= Ts8 =

Neurotoxin

Ts8 (also known as: TsK2, Tityustoxin K-beta, TsTX-K beta or TsTx-Kβ) is a neurotoxin present in the venom of the Brazilian yellow scorpion, Tityus serrulatus. Ts8 is a selective inhibitor of the voltage-gated potassium channel Kv4.2

== Etymology and Source ==
The neurotoxin Ts8 can be derived from the venom from the Brazilian yellow scorpion, Tityus serrulatus (Ts). This scorpion is predominantly found in Brazil. Alternative names for the Ts8 toxin are TsK2, Tityustoxin K-beta, TsTX-K beta and TsTx-Kβ.

== Chemistry ==
Ts8 belongs to the β-KTx family 1. Toxins in this family contain about 59-75 amino acid residues and three disulfide bridges. There are two-domain peptides; the N-terminal helical domain (NHD) and the C-terminal CSαβ domain (CCD). The CCD is responsible for the neurotoxic activity.

Ts8 contains 60 amino acid residues and the three disulfide bridges that were already mentioned. It has a molecular weight of 6716 Da. Its amino acid sequence is as follows:

K-L-V-A-L-I-P-N-D-Q-L-R-S-I-L-K-A-V-V-H-K-V-A-K-T-Q-F-G-C-P-A-Y-E-G-Y-C-N-D-H-C-N-D-I-E-R-K-D-G-E-C-H-G-F-K-C-K-C-A-K-D

Physical and chemical characteristics of Ts8
| Molecular weight | Amino acids |
|---|---|
| 6716 Da | 60 |

== Target ==
Ts8 selectively and reversibly inhibits the voltage-gated potassium channel Kv4.2. Maximal block of the peak current is 65%. Kv4.2 channels are found in a variety of tissues, including high levels in the brain and heart.

Purified recombinant Ts8 was present in three forms, of which Ts8-FragII has a small inhibitory effect on the Kv1.3 channel.

== Mode of action ==
The inhibition caused by the neurotoxin Ts8 on Kv4.2 channels increases with repeated activation of the channel in the presence of the toxin.

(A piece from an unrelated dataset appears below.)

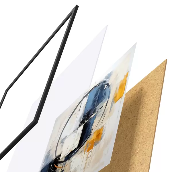 El póster consta de marco, plexiglás, imagen impresa y soporte de aglomerado. El póster puede colgarse inmediatamente en la pared gracias a los soportes de la parte posterior.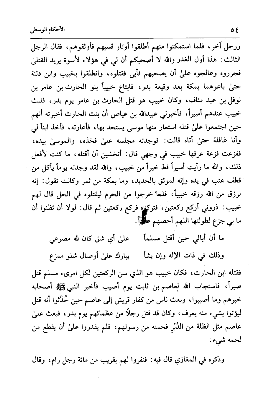 ورجل آخر، فلما استمكنوا منهم أطلقوا أوتار قسيهم فأوثقوهم، فقال الرجل الثالث: هذا أول الغدر والله لا أصحبكم أن لي في هؤلاء لأسوة يريد القتلى فجرروه وعالجوه على أن يصحبهم فأبى فقتلوه، وانطلقوا بخبيب وابن دثنة حتى باعوهما بمكة بعد وقيعة بدر، فابتاع خبيبًا بنو الحارث بن عامر بن نوفل بن عبد مناف، وكان خبيب هو قتل الحارث بن عامر يوم بدر، فلبث خبيب عندهم أسيرًا، فأخبرني عبيد الله بن عياض أن بنت الحارث أخبرته أنهم حين اجتمعوا على قتله استعار منها موسى يستحد بها، فأعارته، فأخذ ابنًا لي وأنا غافلة حتى أتاه قالت: فوجدته مجلسه على فخذه، والموسى بيده، ففزعت فزعة عرفها خُبيب في وجهي قال: أتخشين أن أقتله، ما كنت لأفعل ذلك، والله ما رأيت أسيرًا قط خيرًا من خبيب، والله لقد وجدته يومًا يأكل من قطف عنب في يده وإنه لموثق بالحديد، وما بمكة من ثمر وكانت تقول: إنه لرزق من الله رزقه خبيبًا، فلما: خرجوا من الحرم ليقتلوه في الحل قال لهم خبيب: ذروني أركع ركعتين، فتركوه فركع ركعتين ثم قال: لولا أن تظنوا أن ما بي جزع لطولتها اللهم أحصهم عددًا.

In addition the channels inactivated more rapidly, suggesting that the toxin has a preference to bind to the inactivated state of the Kv4.2 channels.

Ts8 does not have pore-forming activity.

== Toxicity ==
In mice, Ts8 increases earlier nociception with higher doses. Elimination or inhibition of Kv4.2 channels via intraplantar injections was seen to induce hypersensitivity to mechanical stimuli. Via intrathecal injection this effect was prolonged and a prolongation plateau of mechanical hypersensitivity was observed. Thus Ts8 can enhance sensitivity to tactile- and mechanical stimuli in mice, by inhibition of the Kv4.2 channels. The symptoms caused by Ts8 induce hyperalgesia, intense and persistent pain.

Ts8 is toxic to human erythrocytes type A+ in concentrations above 2.89 μM.

== Treatment ==
A sting by Tityus serrulatus is treated with a scorpion antivenom serum. This serum, Soro antiscorpionico, containing a human antibody fragment, neutralizes most of the entire venomous cocktail of neurotoxins.

== Therapeutic use ==
In a study from Cordeiro et al (2022) they expressed recombinant Ts8 (rTs8) in Pichia pastoris yeast to be able to evaluate the peptide expression under different conditioning. They looked at the native Ts8 and recombinant Ts8, rTs8-FragI and rTs8-FragII. These forms were all evaluated by an antimicrobial assay. This resulted in growth inhibition of P. pastoris. The native form of the toxin had a larger inhibitory effect than the recombinant forms.

The study from Oliveira et al (2022) showed the antimicrobial activity of Ts8. Here they tested the native Ts8 against different types of microorganisms;

- Gram-positive bacteria: Micrococcus luteus
- Gram-negative bacteria: Escherichia coli
- Yeast: Candida albicans
- Filamentous fungus: Aspergillus niger

Ts8 had antimicrobial activity for all of these microorganisms. Ts8 has the strongest effect on gram-negative bacteria, and the lowest effect on both the yeast and the filamentous fungus. This testing was an initial screening to be able to expand the spectrum of action of this toxin. As mentioned before, Ts8 can be toxic for human erythrocytes. The concentration of the antimicrobial assay on Escherichia coli is lower than what is toxic for the human erythrocytes, 1.45 μM. Thus it can be concluded that Ts8 potentially can be used as an antibiotic against E. coli.